Quote:
Originally posted by G8Ralphaxi
I know what hypoglycemia is. I used to work for a Dr and I had a friend with that problem.
As far as considering someone's background before jumping to conclusions, while it is true that I do not know you personally, I have seen what you have added to the GC community.
I base any opinion I have of you on your comments here. Since you have been such a model of reason, civility and courtesy, how could I ever find any fault with you?
|
You can find fault with me because I often joke around and tend not to sugar coat things. See when you don't know people, that can very easily be percieved as insult or inconsideration.
I admit, today this guy made a comment to me, I didn't know what to make of it, because I didn't
know him. I indeed, from now on, will see him in a negative light, whether he meant to be an ass, a joker, or just being real, or not. Every time that I will see him in the future I will associate him with that comment that he made.
It kind of made me question if I have done that to anyone that I came into contact with at work, school, associates, friends, online, distant family, etc.
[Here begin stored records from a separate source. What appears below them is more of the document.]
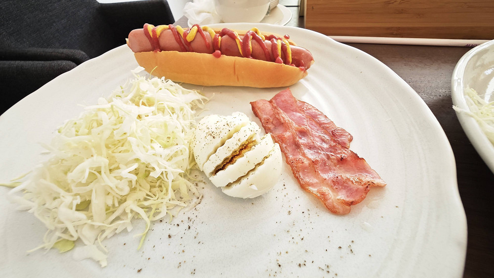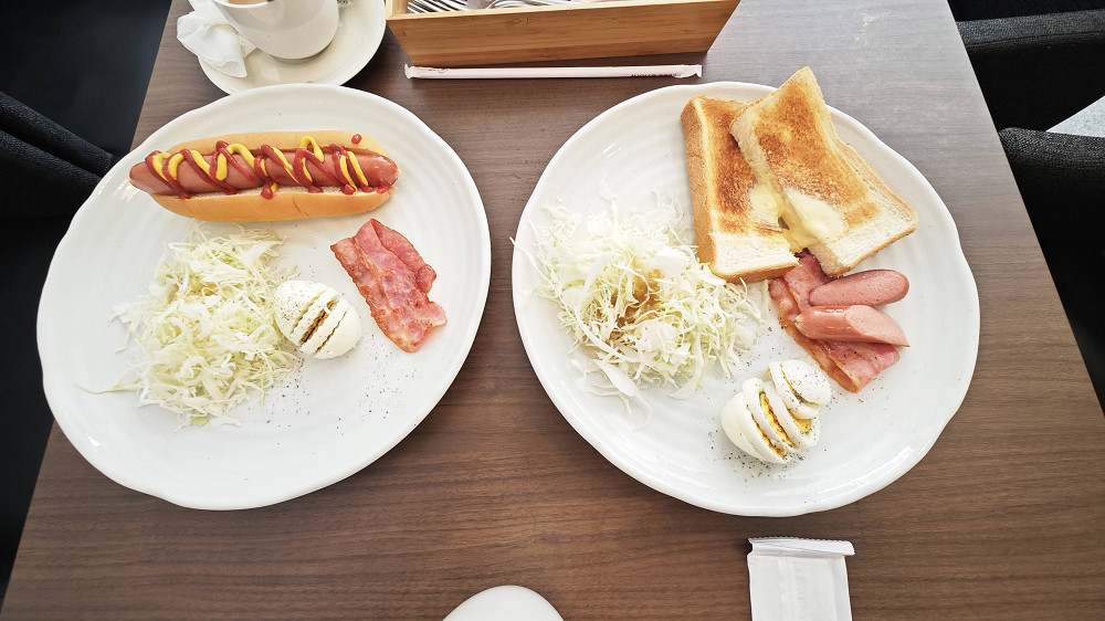 酒店早餐在大堂外的咖啡室吃,简餐650円/人。
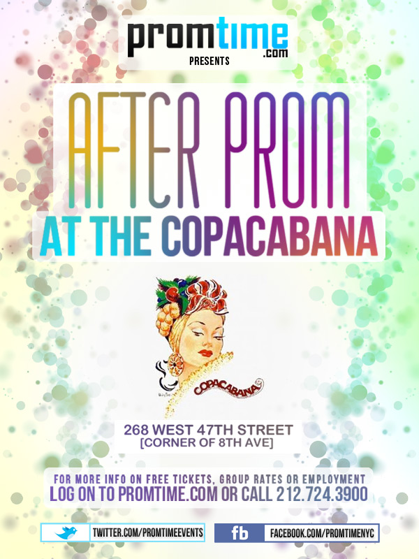 Once again, Copacabana is looking to produce one of the most talked about After Prom events in 2012! The name fits the bill at this Latin and tropical themed venue, and the entertainment is unparalleled. When it comes to the phenomenal aesthetics of this venue, from the state of the art sound system, to the unique lighting, makes it one of the most sought after in New York City for after prom parties. Copacabana's goal is to please, and this highly anticipated After Prom event is a once in a lifetime experience that you and your closest friends just can't miss. Just imagine, pulling up in your stretch limo and getting ready to party like an A-list socialite! It's some that you must experience!
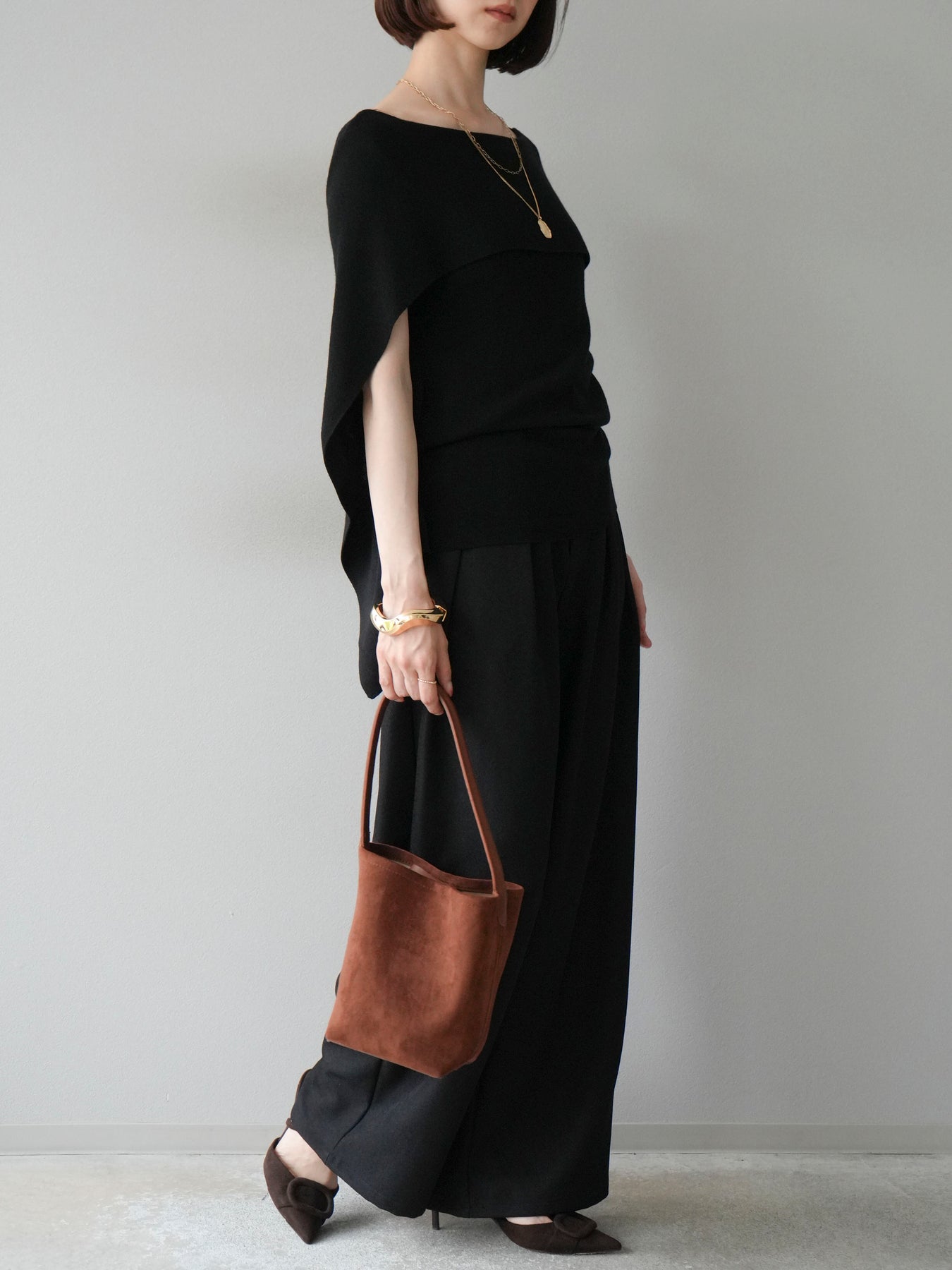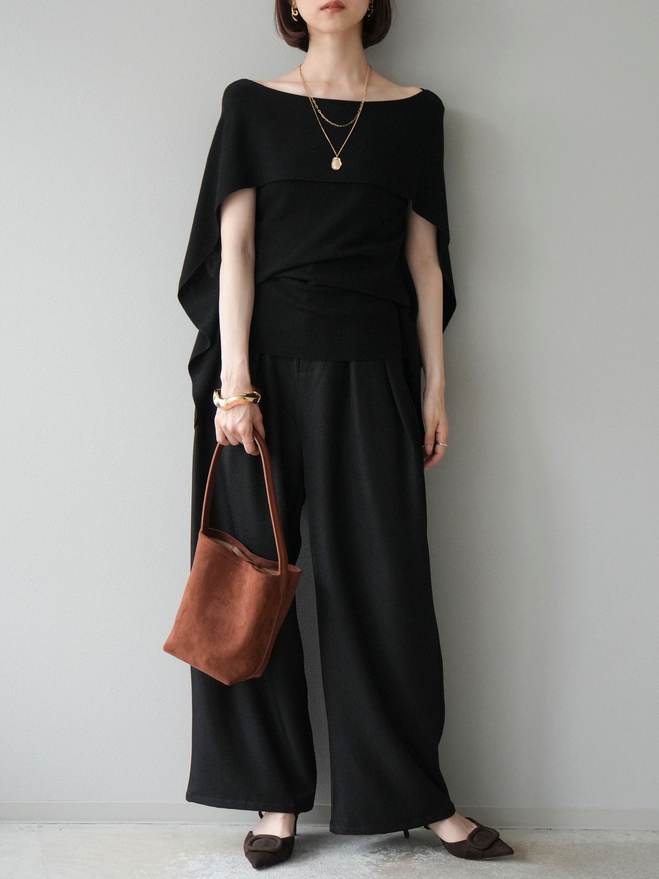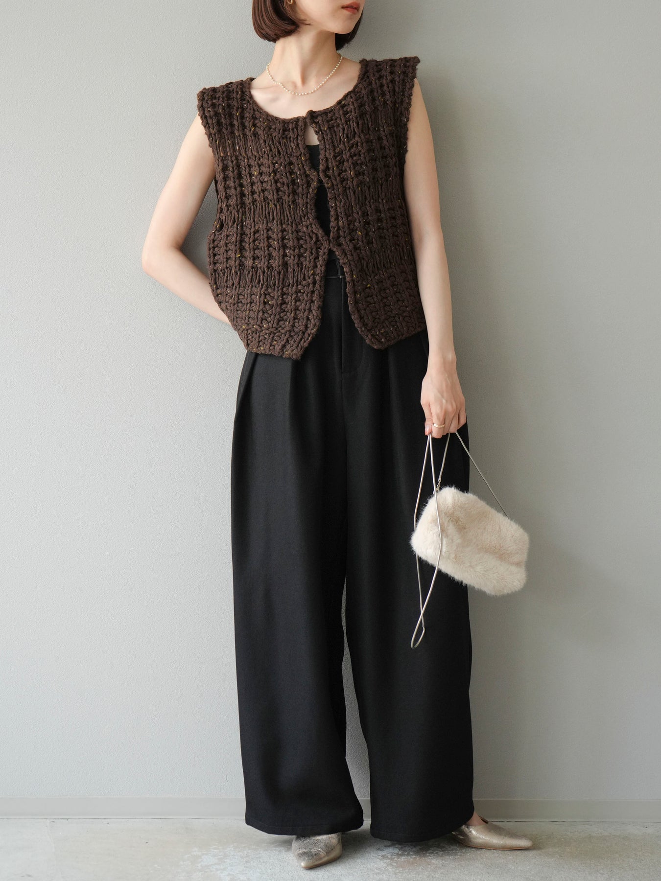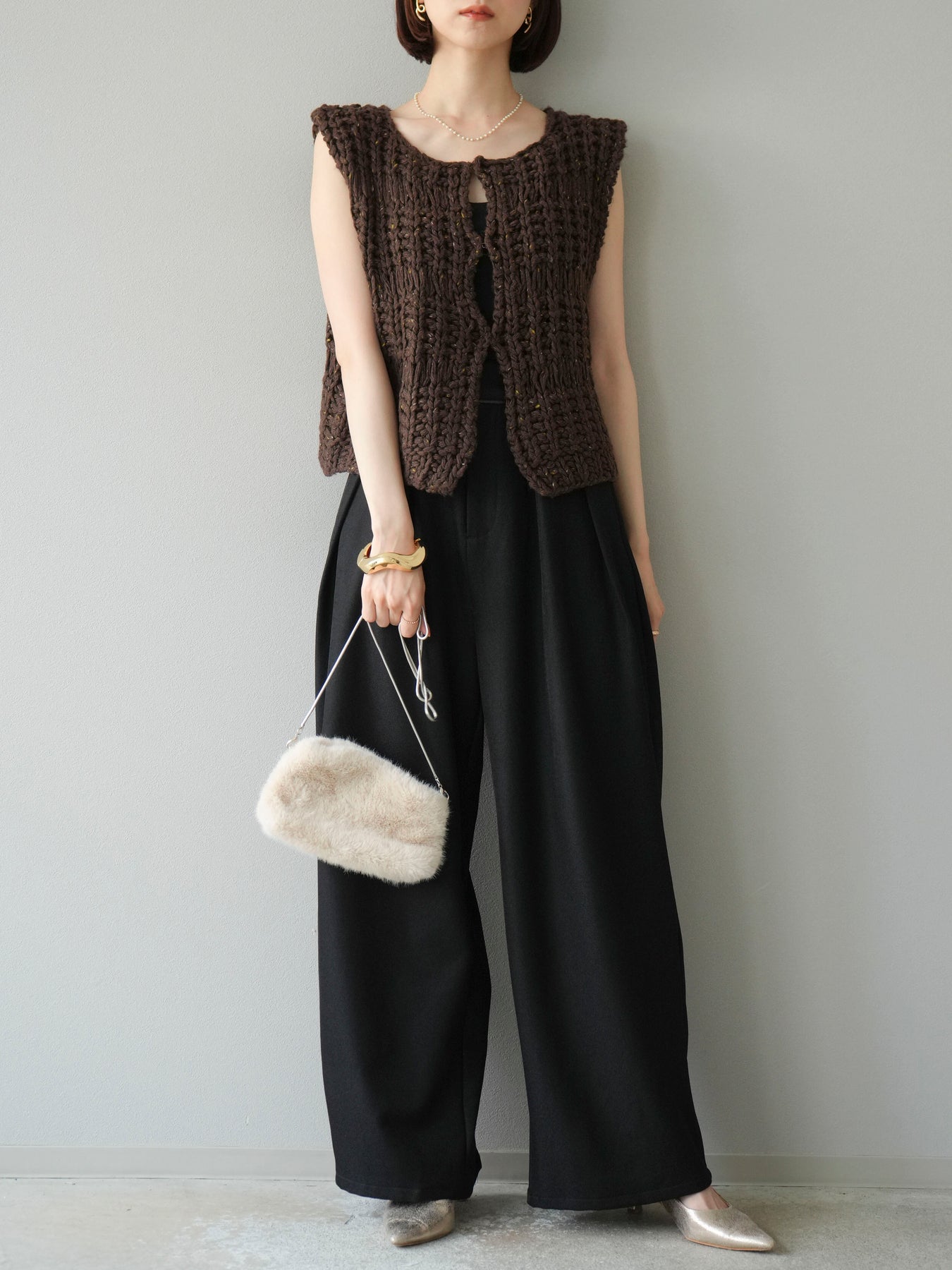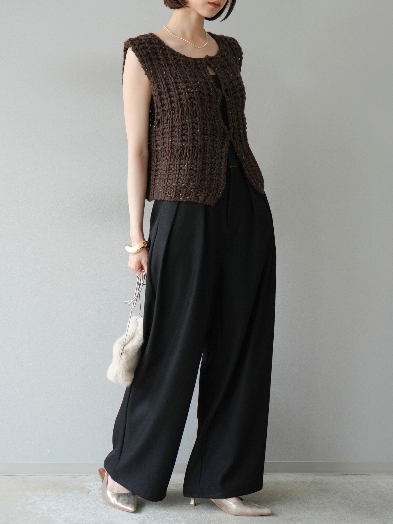[予約]レザーパイピングタックワイドパンツに関連する商品を探す↓

Recently, I am starting to find parallels between some past experiences to some current experiences that I am having. Be an ass to people and get f*cked up. Be nice to people and get f*cked up. Be quiet and get f*cked up. Be outspoken and get f*cked up. Be boring and get f*cked up. Be exciting and get f*cked up. Tell the truth and get f*cked up. Tell a lie and get f*cked up. Be myself and get f*cked up. Be someone else and get f*cked up. Call attention to myself and get f*cked up. Call no attentin to myself and get f*cked up. Hell, not matter what I do, I WILL GET F*CKED UP. D*mn if I do, d*mn if I don't.
It's lose-lose situation. The middle ground, yet to be discovered, if it even exists. Peace.